Стражник отодвинул плетеную крышку и присел на корточки у края ямы.
— Эй, ты! Высокородный повелитель навозной кучи!
Нобу сощурил отвыкшие от дневного света глаза и отвернулся.
— Я тебе пожрать принес, — с ленцой в голосе продолжил стражник. — Станцуешь мне за еду? Ась?
Юноша стиснул зубы и промолчал.
Как глуп он был в первые дни, когда, очнувшись в своей темнице, пытался спорить с тюремщиками. Сулил деньги, обещал покровительство, угрожал страшной местью.
Яма, где томился младший Такухати, быстро стала популярной у тюремной охраны. Право отнести Нобу еду разыгрывалось в кости, а остальные стражники присоединялись к потехе в качестве зрителей, подзуживая товарища веселыми прибаутками и одобрительными выкриками.

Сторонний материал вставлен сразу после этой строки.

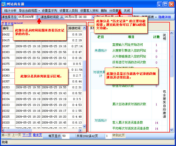 可以查询到所有客服与访客的曾经对话信息,此功能可作为前一阶段对客服人员的工作考核凭证,及业务发展的导向与指导依据。

Для Нобу же эти две недели слились в череду бесконечных унижений. Безродные подонки, по недосмотру богов называющие себя самураями, не ограничивались оскорблениями. Тюремщиков по-детски забавляла ярость младшего Такухати, и они делали все, чтобы вызвать ее. Кидали мелкие камушки, выливали положенную узнику порцию воды наземь и туда же швыряли скудный тюремный паек. Один из стражников даже помочился в яму под одобрительный гогот остальных ублюдков.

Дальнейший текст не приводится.